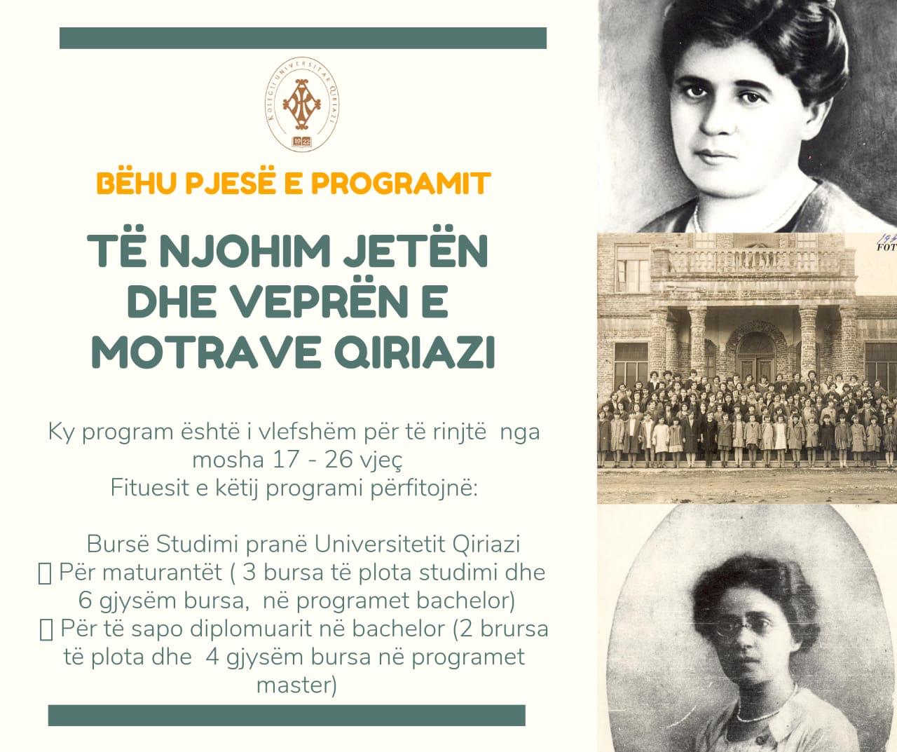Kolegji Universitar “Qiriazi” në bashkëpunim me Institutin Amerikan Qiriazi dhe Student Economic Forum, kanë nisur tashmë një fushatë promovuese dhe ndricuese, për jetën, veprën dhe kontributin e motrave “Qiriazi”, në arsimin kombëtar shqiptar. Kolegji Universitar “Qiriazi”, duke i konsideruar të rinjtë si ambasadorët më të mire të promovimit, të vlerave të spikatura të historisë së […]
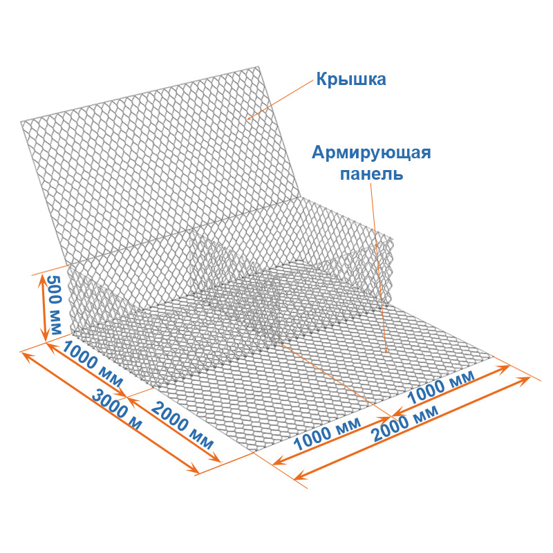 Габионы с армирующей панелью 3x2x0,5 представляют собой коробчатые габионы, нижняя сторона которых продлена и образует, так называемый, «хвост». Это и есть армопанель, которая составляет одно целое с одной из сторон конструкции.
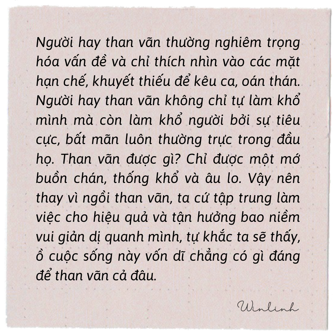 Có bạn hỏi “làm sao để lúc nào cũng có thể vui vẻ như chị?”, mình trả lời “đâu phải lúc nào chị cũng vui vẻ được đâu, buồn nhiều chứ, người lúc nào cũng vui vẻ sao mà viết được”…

**WHAT YOU SHOULD DO**
Reproduce the entire listing exactly, except for any pictures it contains.

**SOLUTION BELOW**
Kolegji Universitar “Qiriazi” në bashkëpunim me Institutin Amerikan Qiriazi dhe Student Economic Forum, kanë nisur tashmë një fushatë promovuese dhe ndricuese, për jetën, veprën dhe kontributin e motrave “Qiriazi”, në arsimin kombëtar shqiptar. Kolegji Universitar “Qiriazi”, duke i konsideruar të rinjtë si ambasadorët më të mire të promovimit, të vlerave të spikatura të historisë së […]
 Габионы с армирующей панелью 3x2x0,5 представляют собой коробчатые габионы, нижняя сторона которых продлена и образует, так называемый, «хвост». Это и есть армопанель, которая составляет одно целое с одной из сторон конструкции.
 Có bạn hỏi “làm sao để lúc nào cũng có thể vui vẻ như chị?”, mình trả lời “đâu phải lúc nào chị cũng vui vẻ được đâu, buồn nhiều chứ, người lúc nào cũng vui vẻ sao mà viết được”…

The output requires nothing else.